"Love like there's no tomorrow, and if tomorrow comes, love again." Max Lucado
Last spring our Pastor talked about wartime marriages in marriage class. They knew the value of time. They also knew there was a good chance they didn't have much of it.
In America, we tend to take time for granted. People can live long, healthy lives. People usually do live long, healthy lives. But we aren't guaranteed those long, healthy lives. The Bible says life is short, like a vapor. (James 4:14)
I want to nurture my marriage every single day. I don't want to assume that I can do it tomorrow because we might not have tomorrow. Now honestly, I can't focus on this thought to any extreme because then I get sad and fearful about tomorrow instead of motivated to make the most of today. But the concept must be there. We are not promised fifty years together. Or even seven. We have today.
So what can I do to nurture my marriage today? What can I do to love my husband?
1. Smile at him. When he wakes up. When he comes home. When I talk on the phone (seriously, it makes a difference in your voice!). When we're mobilizing the troops for battle (i.e. corralling the children). When I'm tired. When he's discouraged.
2. Touch him! Pat his arm. Rub his shoulder. Kiss him. Give him a hug.
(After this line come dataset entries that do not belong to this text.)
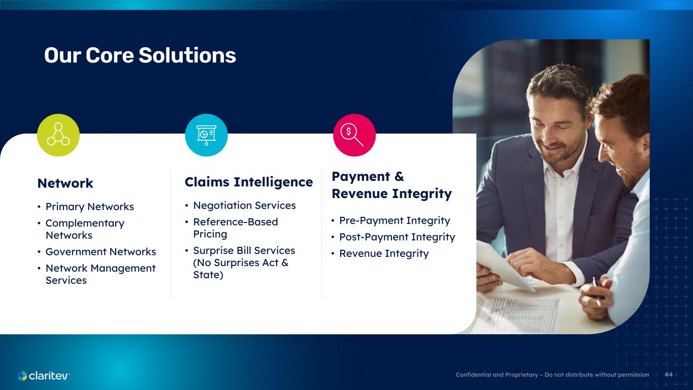 Confidential and Proprietary – Do not distribute without permission 44 Our Core Solutions Network • Primary Networks • Complementary Networks • Government Networks • Network Management Services Claims Intelligence • Negotiation Services • Reference-Based Pricing • Surprise Bill Services (No Surprises Act & State) Payment & Revenue Integrity • Pre-Payment Integrity • Post-Payment Integrity • Revenue Integrity
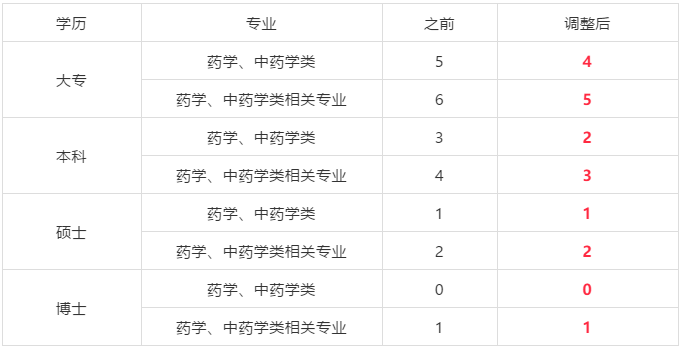 值得一提的是,最新版《执业药师职业资格制度规定》对报考执业药师的要求更高了:其一,将最低学历要求从中专调整为大专;其二,适当提高相关专业考生从事药学(中药学)岗位的工作年限。
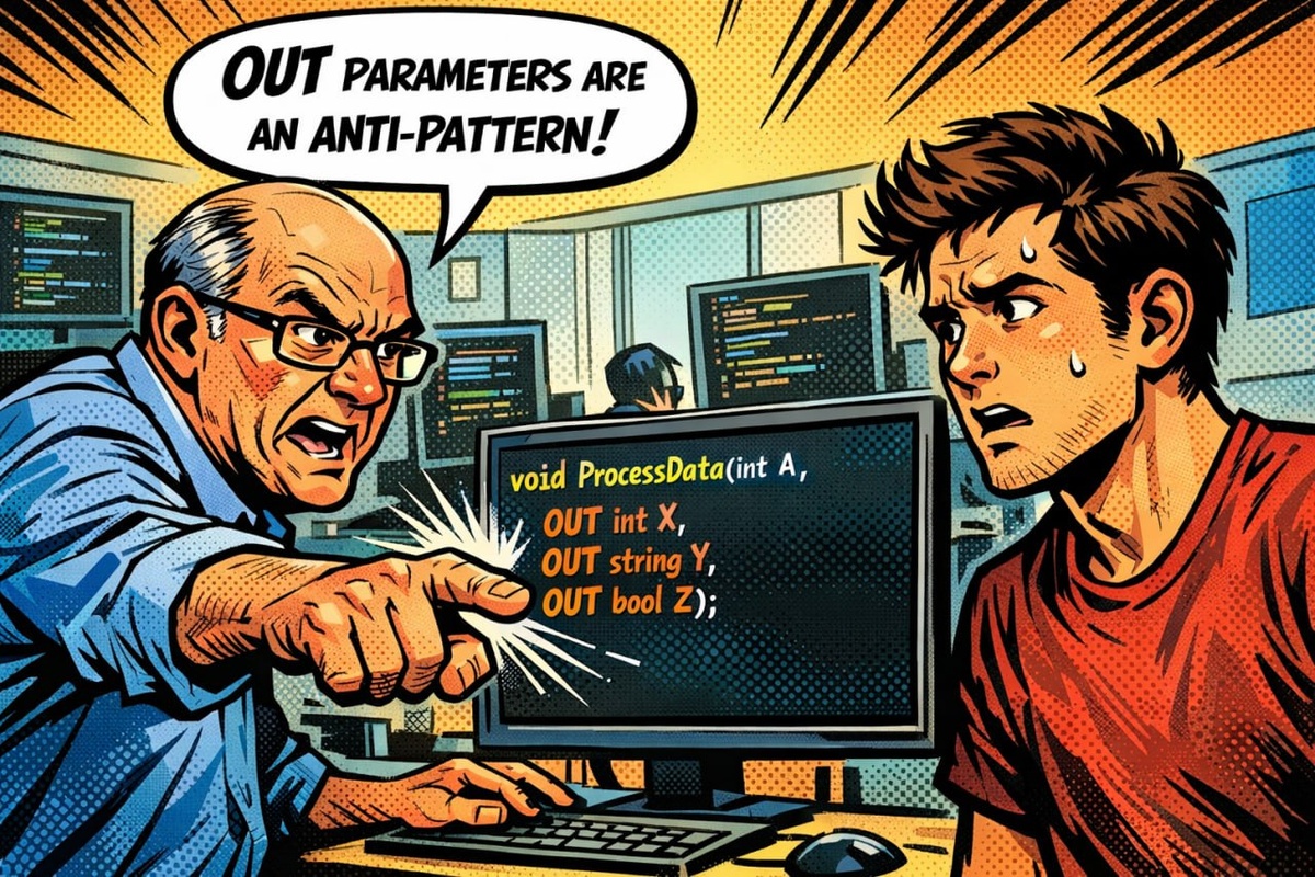 Коллеги, всем привет! Этот материал особенно полезен Junior и Middle разработчикам, работающим с PL/SQL. OUT-параметры в функциях кажутся удобным способом вернуть несколько значений одновременно. Однако их использование нарушает фундаментальный принцип функций - возвращать результат через RETURN. Это приводит к запутанному коду, сложностям в тестировании и неочевидным побочным эффектам. Разберём, почему это антипаттерн и как правильно решать задачу множественного возврата. Почему OUT-параметры в функциях - плохая практика 🔹 Нарушение семантики функции. Функция по определению должна возвращать одно значение через RETURN. OUT-параметры превращают её в гибрид функции и процедуры, что противоречит принципу единственной ответственности. 🔹 Невозможность использования в SQL. Функцию с OUT-параметрами нельзя вызвать напрямую в SELECT или WHERE-клаузе, что резко ограничивает её применимость. 🔹 Сложность тестирования. Приходится проверять не только возвращаемое значение, но и состояние O

3. Listen to him. My husband has lots of stories. Stories about work mostly. And those are stories about his life. I want to hear him. I want him to know he's important to me.
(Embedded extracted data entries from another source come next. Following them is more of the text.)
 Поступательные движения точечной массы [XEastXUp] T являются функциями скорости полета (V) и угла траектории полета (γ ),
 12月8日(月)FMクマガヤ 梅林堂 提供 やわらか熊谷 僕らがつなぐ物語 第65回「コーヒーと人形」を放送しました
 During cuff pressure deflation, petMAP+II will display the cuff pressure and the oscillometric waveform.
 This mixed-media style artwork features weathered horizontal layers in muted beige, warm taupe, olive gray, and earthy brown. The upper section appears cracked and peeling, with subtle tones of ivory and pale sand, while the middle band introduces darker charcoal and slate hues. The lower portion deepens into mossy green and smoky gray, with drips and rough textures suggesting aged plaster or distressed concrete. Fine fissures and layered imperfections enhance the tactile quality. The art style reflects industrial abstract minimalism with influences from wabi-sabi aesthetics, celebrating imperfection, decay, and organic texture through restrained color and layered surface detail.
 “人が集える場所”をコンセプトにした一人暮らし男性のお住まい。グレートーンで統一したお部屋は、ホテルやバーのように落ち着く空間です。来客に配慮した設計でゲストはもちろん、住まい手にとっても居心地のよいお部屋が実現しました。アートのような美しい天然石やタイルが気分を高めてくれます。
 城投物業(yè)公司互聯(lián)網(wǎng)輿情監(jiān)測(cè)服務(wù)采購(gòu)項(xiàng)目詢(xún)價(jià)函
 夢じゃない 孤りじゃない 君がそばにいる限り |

4. Laugh with him. We are constantly doing ridiculous things and cracking each other up. We'll probably embarrass our kids when they are older.
5. Care for him. For me, this means clean clothes. Dinner when he comes home (at least the promise of dinner cooking!). A reasonably clean, if somewhat messy, house.
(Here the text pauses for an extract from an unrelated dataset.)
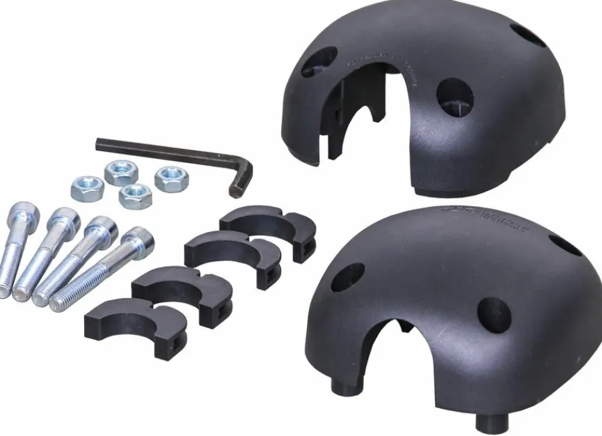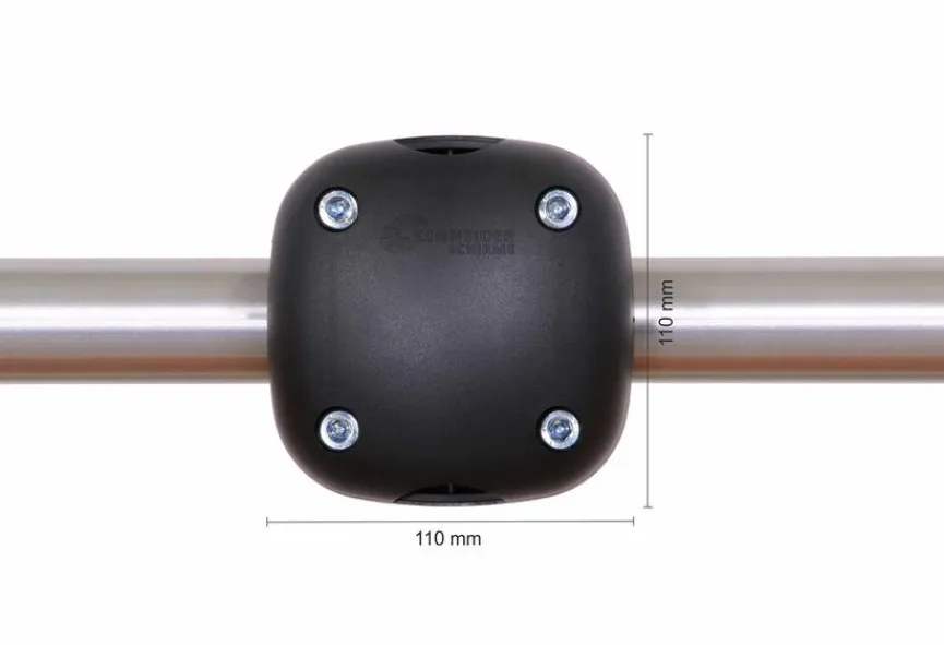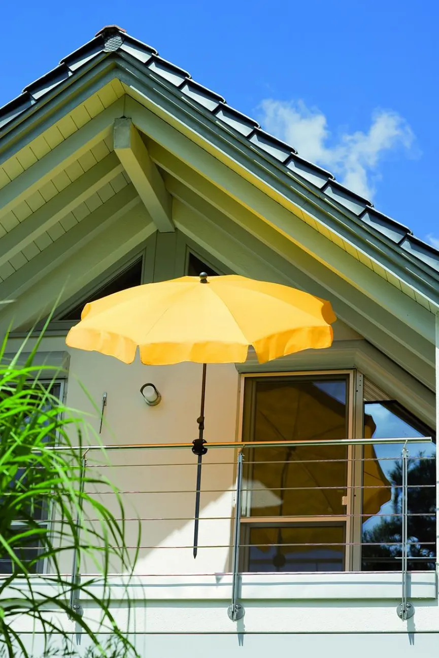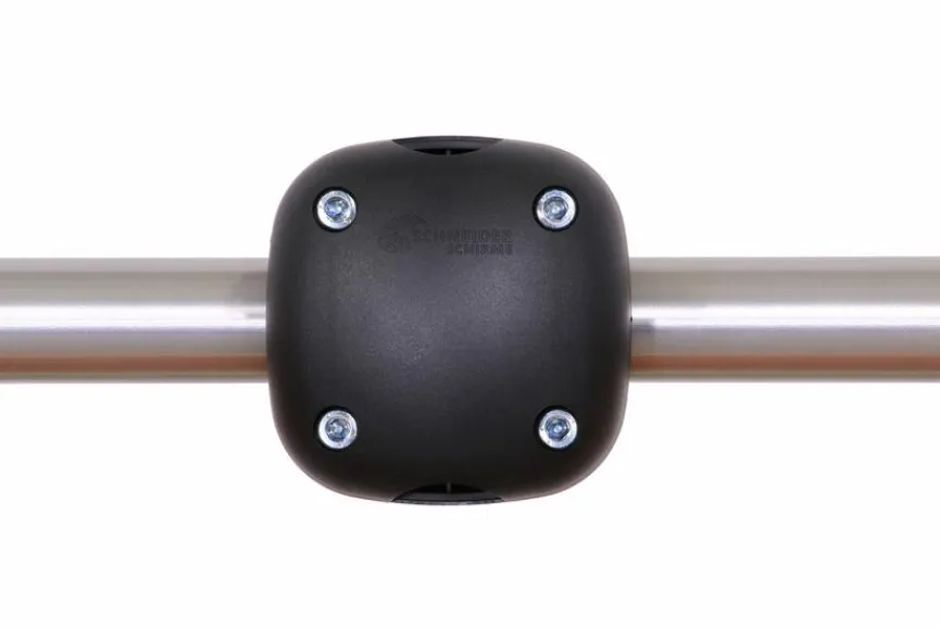 - Die beiden Halbschalen des Schirmhalters werden durch vier Schrauben sicher geschlossen und fixieren somit Balkongeländer und Schirmstock gleichermaßen
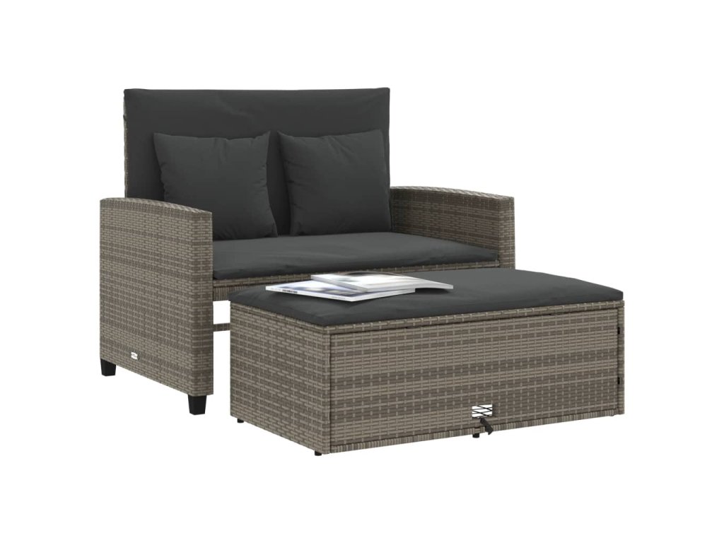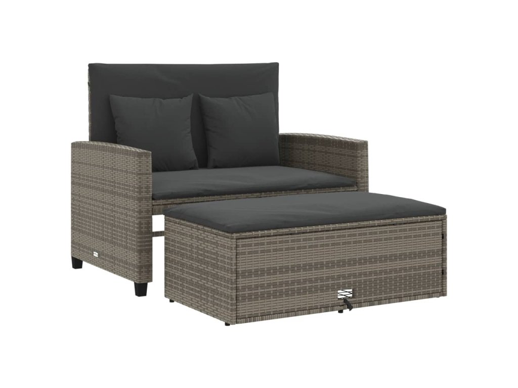 Zahradní pohovka s poduškami 2místná šedá polyratan 365134

6. Moderate our home. What does this mean? I was sick last week and I observed something. My husband needs me as a buffer. He needs my creativity for spending time with our kids. He needs my energy for being excited about our life.
7. Be happy. My husband desires my happiness. I cannot depend on him to make him happy but I can give him the gift of my joy.
8. Make him the focus. When it comes to our marriage I can focus on him or I can focus on me. I want to make him the focus and die to self.
And then I want to do these things day after day after day.
Because one of those days will be the last one.